== Information shown ==
_ _ _ _ _

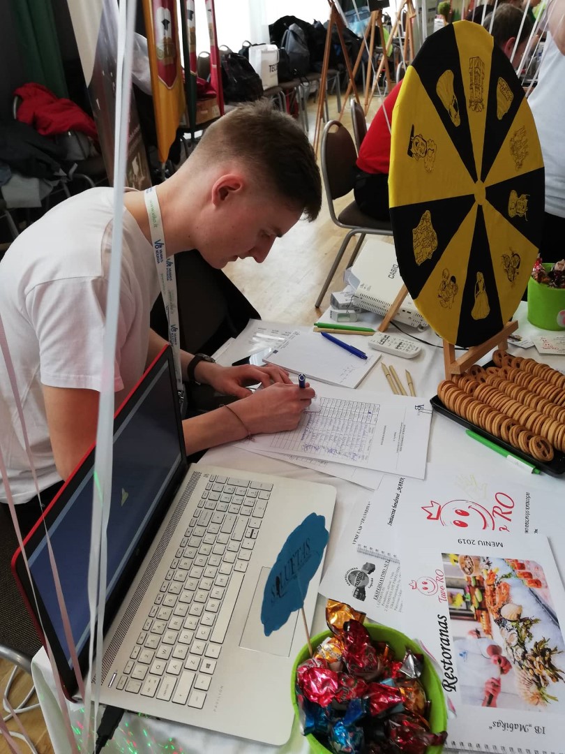 Egidijus: „Mugėje vykusios prekybos su užsienio šalių imitacinėmis bendrovėmis dėka, buvo galimybė užmegzti tarptautinius kontaktus ir pasiūlyti partnerystę. Tai puiki patirtis ir žinios, kaip bendraujama multikultūrinėje erdvėje, kokie iššūkiai laukia norint patekti į užsienio rinką. Tačiau po tokios praktikos norisi dar daugiau dirbti ties verslo idėjomis“.
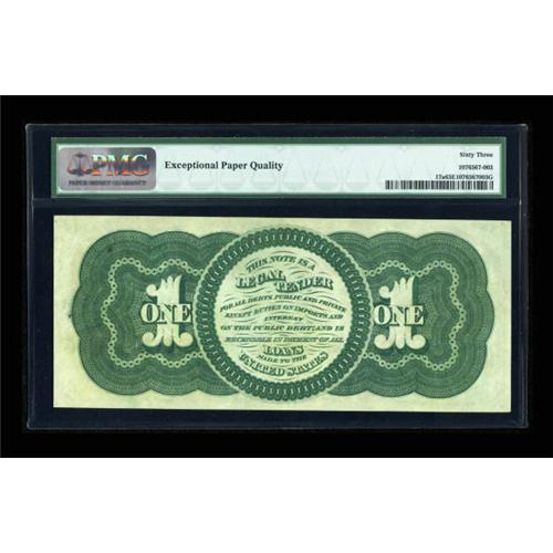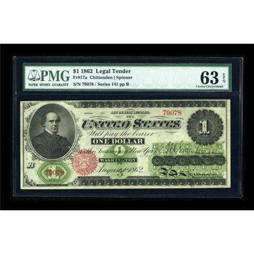 <B>Fr. 17a $1 1862 Legal Tender PMG Choice Uncirculated 63 EPQ.</B></I> This Friedberg number is emerging as a hidden rarity in any grade above AU. PMG has graded only one quarter as many Fr. 17a's as Fr. 16's, with almost all being low to mid grade circulated pieces. To date only this one note has been been awarded the Choice Uncirculated 63 EPQ designation, with only two examples graded higher. This piece is bright, fully original, and would be Gem save for its somewhat tight top margin. If rarity is any guide, this note may certainly surprise this evening. <BR><BR><b>Shipping:</b> Coins & Currency (<a target="_blank" href="http://www.heritageauctions.com/common/shipping.php">view shipping information</a>)
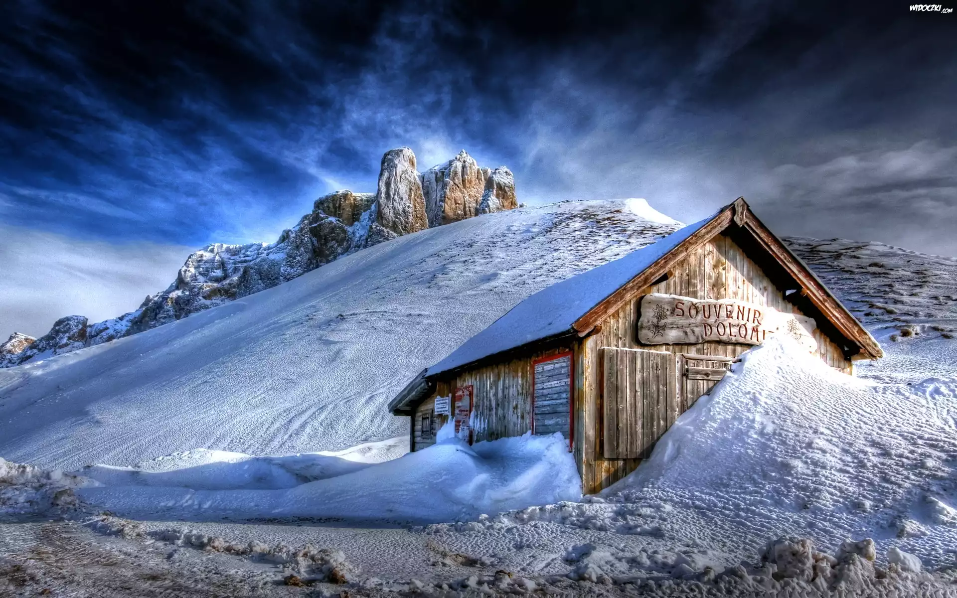 Zdjęcia, Zima, Góry, Chata, Śnieg
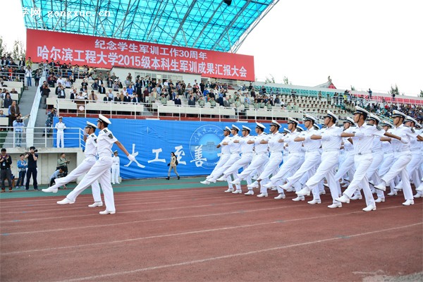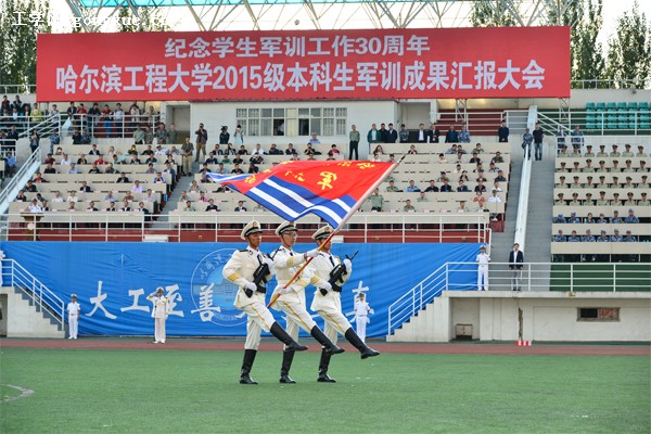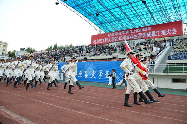 军训团进行了一系列经典、精彩的军训科目表演。参训学员以严整的军容、整齐有力的动作,虎虎生威地表演了擒敌拳。在随后进行的女子连队列表演中,女兵组成了2015、舵轮、我校英文缩写HEU等图案。
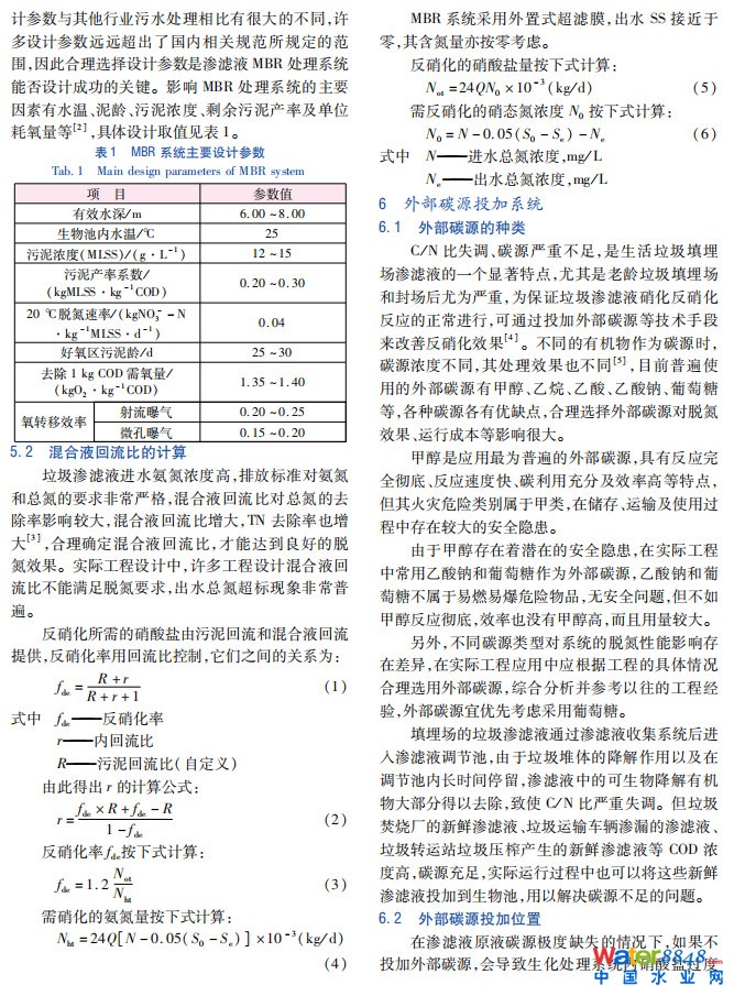 MBR系統(tǒng)是垃圾滲濾液處理的核心,其設(shè)計(jì)對整個滲濾液處理系統(tǒng)穩(wěn)定達(dá)標(biāo)排放至關(guān)重要。MBR生化處理系統(tǒng)的設(shè)計(jì)應(yīng)以COD進(jìn)行計(jì)算;規(guī)模較小時可以采用一條線(一套處理系統(tǒng)),規(guī)模較大時需設(shè)置二條線(并聯(lián)的兩套處理系統(tǒng)),對滲濾液處理出水總氮無要求時采用單級生物脫氮,對出水總氮有要求時采用二級生物脫氮;設(shè)計(jì)中應(yīng)合理選取水溫、泥齡、污泥濃度、剩余污泥產(chǎn)率及單位耗氧量等參數(shù),通過計(jì)算確定混合液回流比,外加碳源可以采用甲醇、乙酸鈉、葡萄糖等,分別投加在缺氧池和后置反硝化池;通過控制生物池內(nèi)水的流態(tài)、利用空氣管道控制曝氣區(qū)域、控制膜分離和污水冷卻系統(tǒng)回流位置等技術(shù)措施,可以取得良好的處理效果。
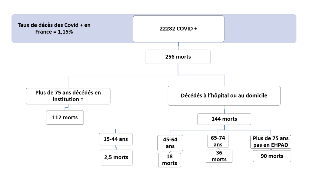 Le chiffre à retenir est le taux de mortalité des gens atteints par le Coronavirus. Il estimé par l’OMS, en France à 1,15% des personnes atteintes, les 2/3 ayant plus de 65 ans

_ _ _ _ _

== Required work ==
Print the records above verbatim, minus any pictures.

== Written solution ==
 Egidijus: „Mugėje vykusios prekybos su užsienio šalių imitacinėmis bendrovėmis dėka, buvo galimybė užmegzti tarptautinius kontaktus ir pasiūlyti partnerystę. Tai puiki patirtis ir žinios, kaip bendraujama multikultūrinėje erdvėje, kokie iššūkiai laukia norint patekti į užsienio rinką. Tačiau po tokios praktikos norisi dar daugiau dirbti ties verslo idėjomis“.
 <B>Fr. 17a $1 1862 Legal Tender PMG Choice Uncirculated 63 EPQ.</B></I> This Friedberg number is emerging as a hidden rarity in any grade above AU. PMG has graded only one quarter as many Fr. 17a's as Fr. 16's, with almost all being low to mid grade circulated pieces. To date only this one note has been been awarded the Choice Uncirculated 63 EPQ designation, with only two examples graded higher. This piece is bright, fully original, and would be Gem save for its somewhat tight top margin. If rarity is any guide, this note may certainly surprise this evening. <BR><BR><b>Shipping:</b> Coins & Currency (<a target="_blank" href="http://www.heritageauctions.com/common/shipping.php">view shipping information</a>)
 Zdjęcia, Zima, Góry, Chata, Śnieg
 军训团进行了一系列经典、精彩的军训科目表演。参训学员以严整的军容、整齐有力的动作,虎虎生威地表演了擒敌拳。在随后进行的女子连队列表演中,女兵组成了2015、舵轮、我校英文缩写HEU等图案。
 MBR系統(tǒng)是垃圾滲濾液處理的核心,其設(shè)計(jì)對整個滲濾液處理系統(tǒng)穩(wěn)定達(dá)標(biāo)排放至關(guān)重要。MBR生化處理系統(tǒng)的設(shè)計(jì)應(yīng)以COD進(jìn)行計(jì)算;規(guī)模較小時可以采用一條線(一套處理系統(tǒng)),規(guī)模較大時需設(shè)置二條線(并聯(lián)的兩套處理系統(tǒng)),對滲濾液處理出水總氮無要求時采用單級生物脫氮,對出水總氮有要求時采用二級生物脫氮;設(shè)計(jì)中應(yīng)合理選取水溫、泥齡、污泥濃度、剩余污泥產(chǎn)率及單位耗氧量等參數(shù),通過計(jì)算確定混合液回流比,外加碳源可以采用甲醇、乙酸鈉、葡萄糖等,分別投加在缺氧池和后置反硝化池;通過控制生物池內(nèi)水的流態(tài)、利用空氣管道控制曝氣區(qū)域、控制膜分離和污水冷卻系統(tǒng)回流位置等技術(shù)措施,可以取得良好的處理效果。
 Le chiffre à retenir est le taux de mortalité des gens atteints par le Coronavirus. Il estimé par l’OMS, en France à 1,15% des personnes atteintes, les 2/3 ayant plus de 65 ans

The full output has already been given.